(MENAFN- KNN India)
New Delhi, Sep 16 (KNN) On August 28, 2024, the Ministry of Heavy industry (MHI) introduced the Machinery and Electrical Equipment Safety (Omnibus Technical Regulation) Order, 2024, which is set to take effect exactly one year later, on August 28, 2025.
This new regulation mandates stringent safety standards for all machinery and electrical equipment manufactured or imported into India, aligning Indian safety practices with global standards.
While the move is intended to enhance safety, it poses significant challenges, particularly for the micro, small, and medium enterprises (MSMEs) sector.
Under the new regulations, production and imports of machinery and electrical equipment will require prior approval from the Bureau of Indian Standards (BIS), and compliance with three new safety standards will be mandatory.

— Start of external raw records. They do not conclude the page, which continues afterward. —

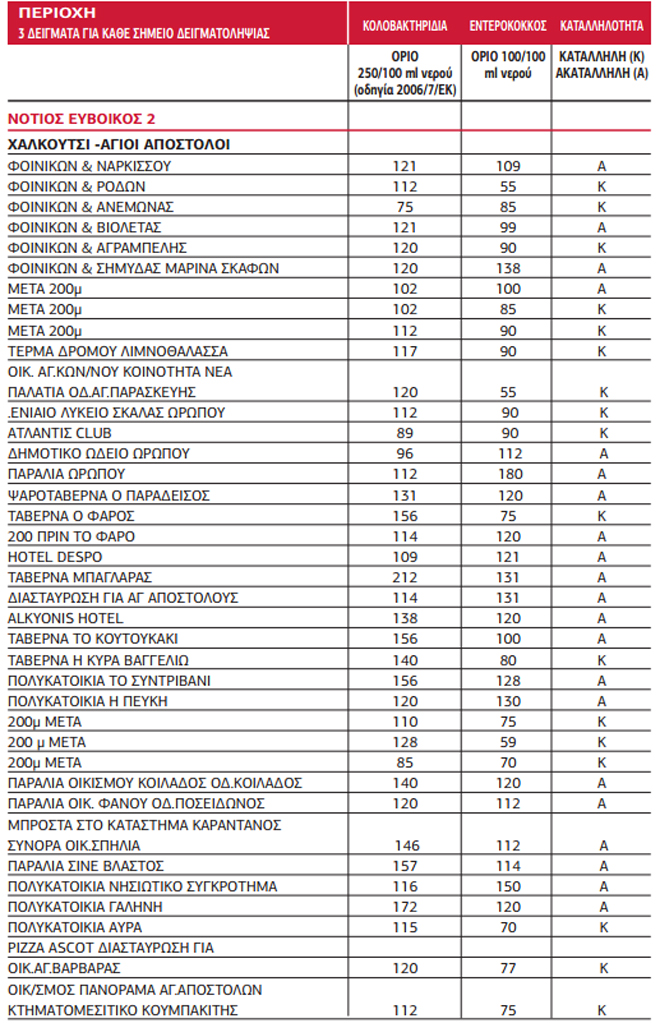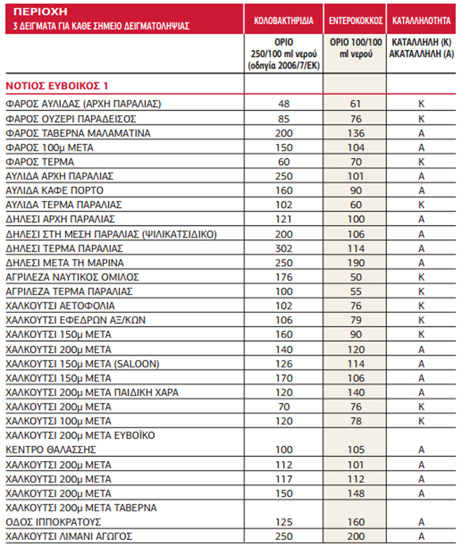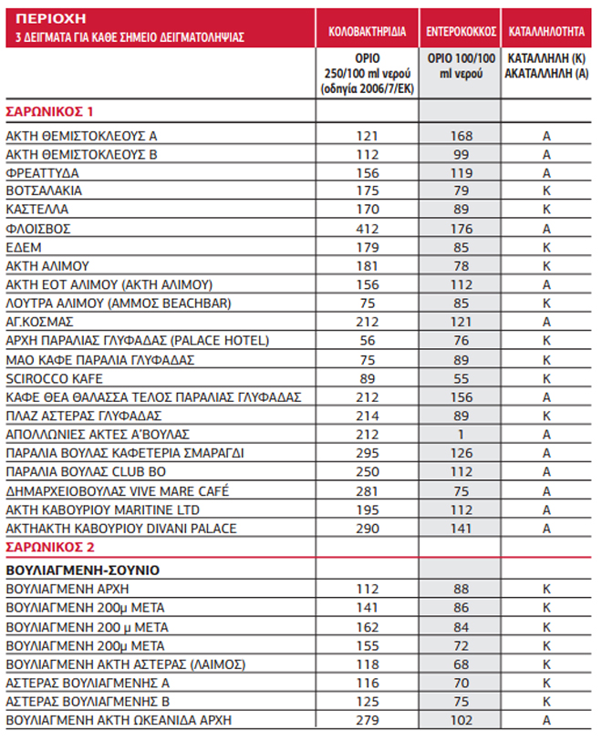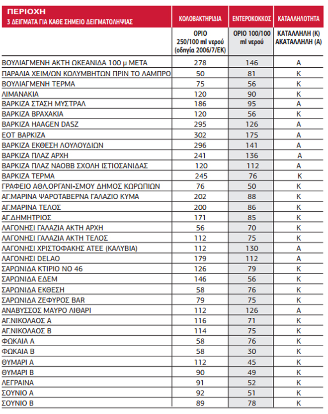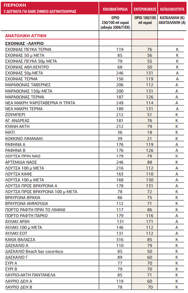Στους παρακάτω αναλυτικούς πίνακες, που αφορούν τις ακτές της Αττικής, του Ευβοϊκού και Κορινθιακού, δεν φαίνεται απλώς η καταλληλότητα ή μη της κάθε ακτής, αλλά και ο βαθμός της όποιας καθαρότητας, καθώς παρατίθενται αναλυτικά και οι τιμές για τα κολοβακτηρίδια και τον εντερόκοκκο ανά όγκο νερού.
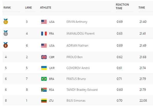 Μεγάλος νικητής ήταν ο Άντονι Έρβιν (21.40), ο οποίος έκανε την έκπληξη, αφήνοντας δεύτερο τον κάτοχο του τίτλου και μεγάλο φαβορί Φλοράν Μανοντού. Ο Γάλλος κολυμβητής ολοκλήρωσε την κούρσα σε 21.41. Τρίτος ήρθε ο Αμερικανός Νέιθαν Εϊντριαν (21.49).
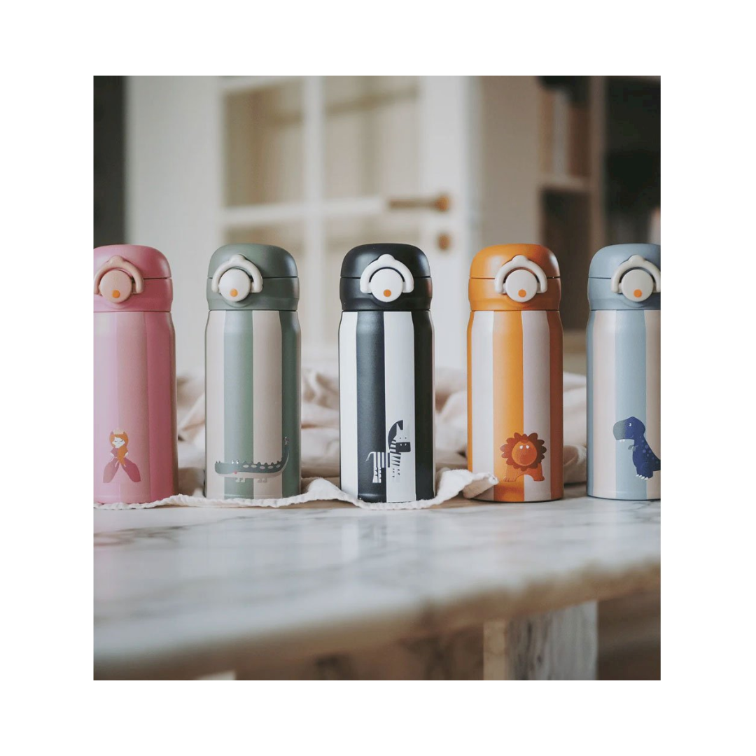 Botella de Acero Térmica Noui Dino 350 Ml, ideal para niños en edad preescolar y escolar.

The Global Trade Research Initiative (GTRI) estimates that over 150,000 manufacturers will be affected by the new rules, 90 per cent of which are MSMEs.
The regulations cover over 50,000 types of machinery, including industrial equipment like pumps, compressors, cranes, and metal-cutting tools, which are vital to the Indian economy.
In FY 2024, imports under these categories amounted to USD 25 billion, with China accounting for 39 per cent of that figure. Though export-oriented machinery is exempt, the impact is minimal as most firms produce for both domestic and international markets.
Adapting to the new standards within a year presents a near-impossible challenge for many MSMEs, especially those unfamiliar with the technical language of the order or the safety standards involved.
Unlike larger corporations, MSMEs typically adhere to ISO 9001, a management-focused standard that doesn't address safety concerns.
The financial burden for compliance could range from Rs 50,000 to Rs 50,00,000 per machine, making it a massive challenge for small businesses.
Many MSMEs lack the advanced technology and skilled workforce required to meet the new standards. According to the GTRI, without additional government support or a delay in the order's implementation, many MSMEs could face closure.
India's MSMEs contribute nearly 29 per cent to the country's GDP and employ millions of workers. Already grappling with debt, delayed payments, and the aftermath of the pandemic, these businesses now face the added strain of expensive compliance measures.
The GTRI suggests that these new regulations, if implemented without adequate support, could delay domestic production and imports of essential machinery, further exacerbating the situation.
This period marks a critical juncture for India's MSMEs as they navigate new safety requirements while also striving to recover from economic challenges.